Albany Arts is delighted to announce the latest solo exhibition of work by Pie Herring. Fortitude marks Herring’s debut London solo show, featuring an explosive body of painted works. The exhibition comprises of two series of work which reflect and were inspired by a year she spent painting across two continents.
Last year Pie was invited to spend time at a conservation park in Northern Kenya known as Lewa Wildlife. She was asked to create a body of work detailing the impact that the Covid 19 virus, and the subsequent lack of tourism, has had on the rural communities surrounding the parkland.
Pie’s work from Kenya was exhibited at a successful group show at the High-Line Nine Gallery in New York earlier this year, and subsequently her piece entitled ‘To Have Three Daughters’ has recently been awarded second place in the Women United Art Prize.
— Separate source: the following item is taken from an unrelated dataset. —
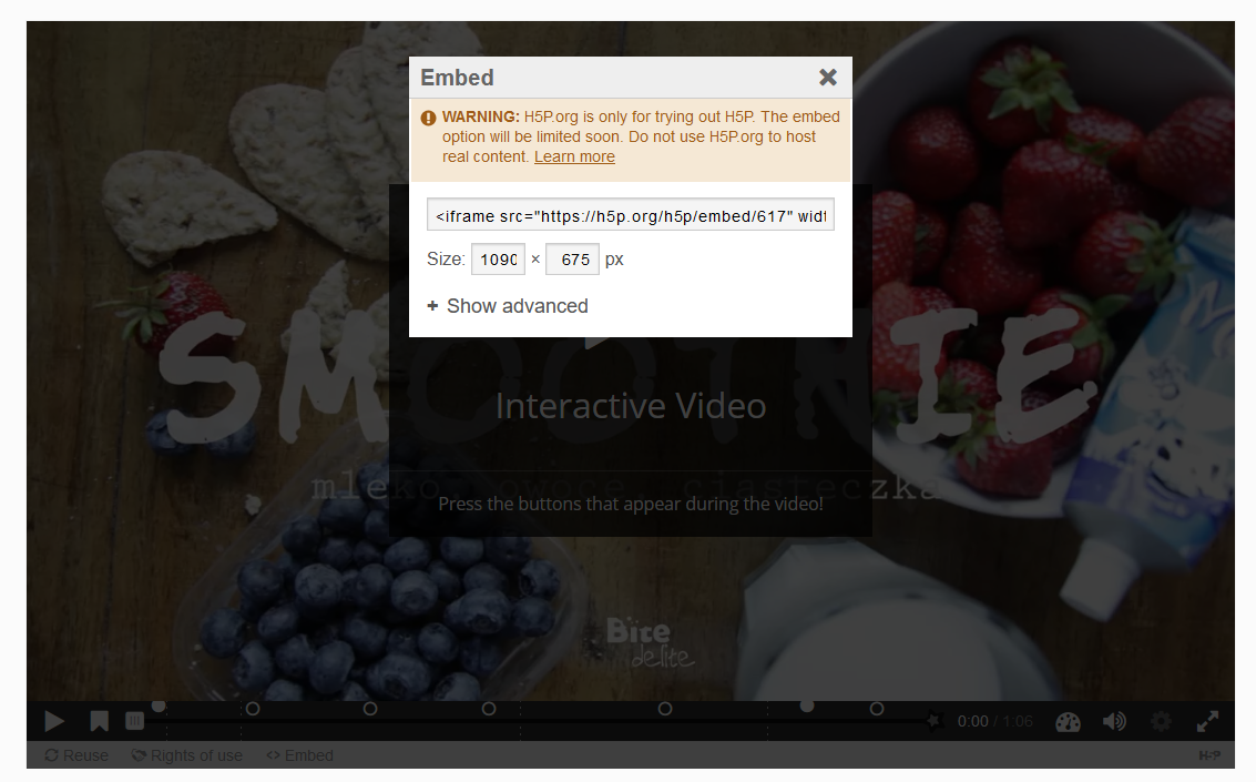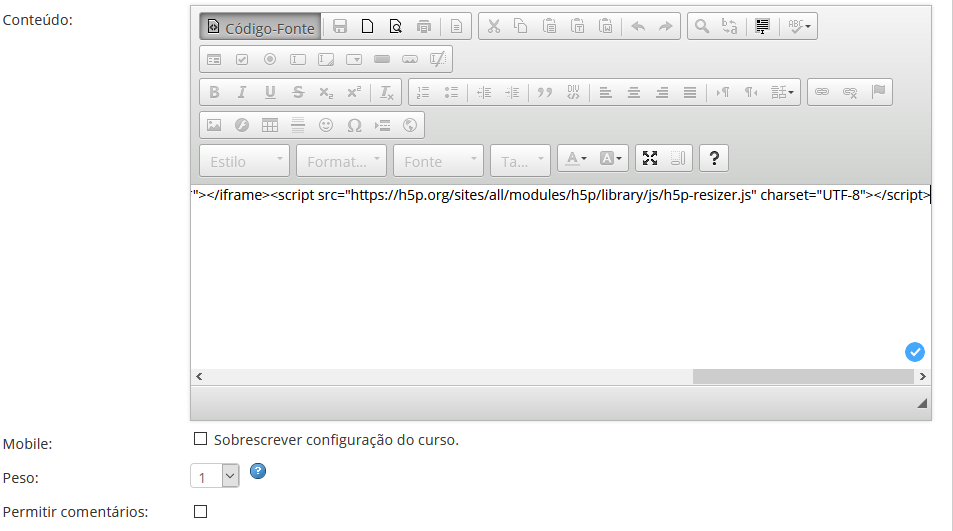 Você também pode incluir aqui os seus vídeos interativos, como os que são produzidos no H5P, por exemplo. A orientação é a mesma em todos os casos: copiar o código na origem.

Pie says “I was lucky enough to meet and spend time with members of the local communities. They shared their stories with me about struggles, defiance, inherent generosity, love and resilience in the face of a global pandemic. These are the people you will see on the walls at Fortitude.“
The second series of paintings on display are inspired by footage taken at recent public events involving protests, vigils and memorials. These paintings demonstrate how Pie has begun to explore dimensionality in her work. By allowing the paint to spill erratically out onto the frame, she is seeking to take the painting’s surface beyond the confines of the canvas.
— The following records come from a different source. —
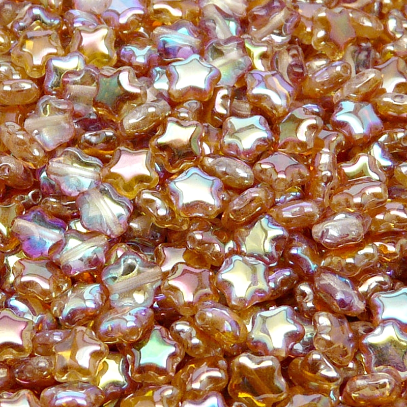 40ks České skleněné mačkané korálky hvězdička 6mm čirá/ oranžová duhaSkladem 30 ks32 Kč/ ks26,45 Kč bez DPH
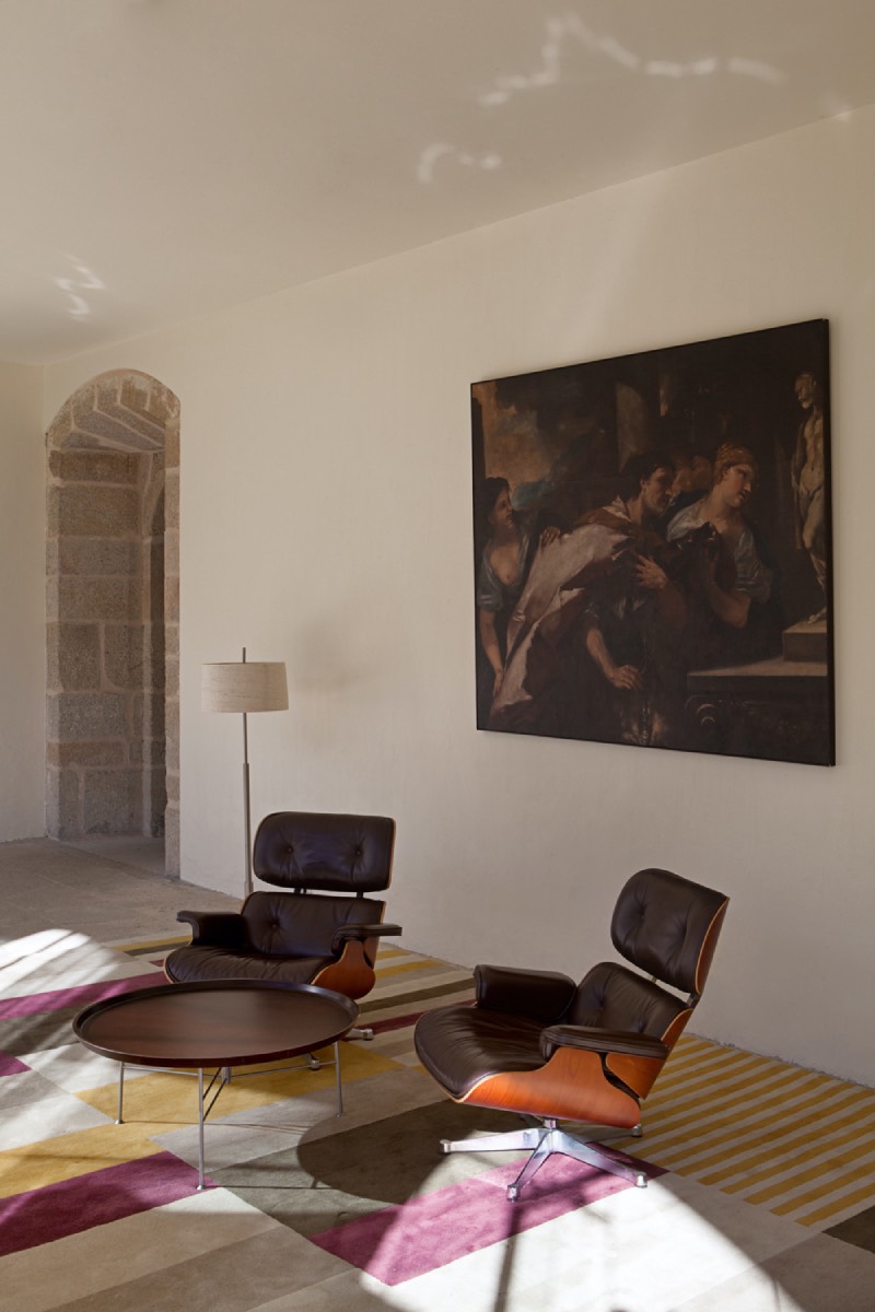 Otro de los asientos clave en la historia del diseño es la Lounge Chair, del matrimonio norteamericano formado por Charles y Ray Eames. La silla diseñada en 1956 se ha convertido en un clásico del diseño moderno. Los creadores quisieron modernizar el antiguo sillón de club inglés y para conseguirlo combinaron materiales confortables de alta calidad. Como resultado obtuvieron una silla cómoda, ligera y elegante. Su estética con cuero en el interior y madera en el exterior se combina con la funcionalidad de sus materiales. Están situadas en un rincón muy especial del Parador de Santo Estevo, junto a una pintura del siglo XVII de Luca Giordano.
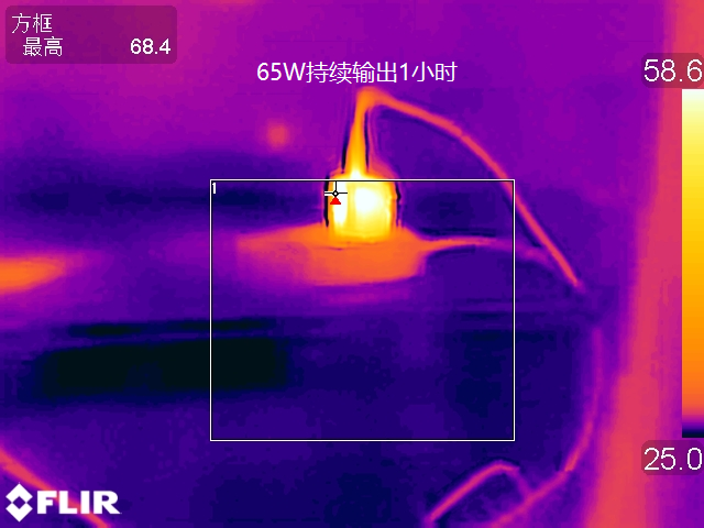 讓充電器以20V3.25A 65W的功率持續輸出1小時后采集到充電器表面的最高溫度為68.4℃。
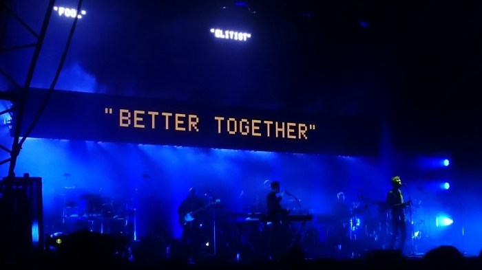 For something considered a small event, the production values of Massive Attack’s set are really some to revere. Politically potent and relevantly shocking, digitized imagery continuously scanned behind the shadowy figures of the band, featuring newspaper headlines, internet searches, and infamous quotations.

Pie has said “I find it interesting that while we are living in a time of increasing restrictions I’ve felt the urge to break free from the limitations imposed by the edges of the canvas.”
Pie Herring is a London-based artist who graduated from Edinburgh College of Art in 2018 with a First-Class honours degree in painting. Pie’s work has been exhibited in a number of exhibitions. Notable highlights include the ‘Young London Painters’ group show in November 2018 and the Royal Scottish Academy’s New Contemporaries Exhibition 2019 where she was awarded the Carnegie scholarship. Most recently, Pie’s work has been exhibited at the High Line Nine Gallery in New York as part of a group show entitled The Art of Resilience.
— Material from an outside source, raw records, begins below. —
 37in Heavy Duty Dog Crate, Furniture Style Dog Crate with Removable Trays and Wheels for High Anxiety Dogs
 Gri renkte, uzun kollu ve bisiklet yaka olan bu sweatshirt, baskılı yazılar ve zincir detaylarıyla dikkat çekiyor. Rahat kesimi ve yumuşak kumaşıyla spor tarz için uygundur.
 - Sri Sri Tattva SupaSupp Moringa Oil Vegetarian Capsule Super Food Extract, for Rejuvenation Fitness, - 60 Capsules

Predominantly working in oils, Pie’s paintings depict tender portrayals of human and societal issues. Interested in the deconstruction and removal of paint, Pie strips background information to place emphasis on interrelationship and emotion. Each piece begins with a dynamic landscape of paint, large brushstrokes move widespread across the canvas, and puddles of turps dry to form unpredictable meandering marks. The figural composition is then considered in relation to this field of paint. Her practice continues to explore the synergy of gestural mark-making and more detailed brushwork.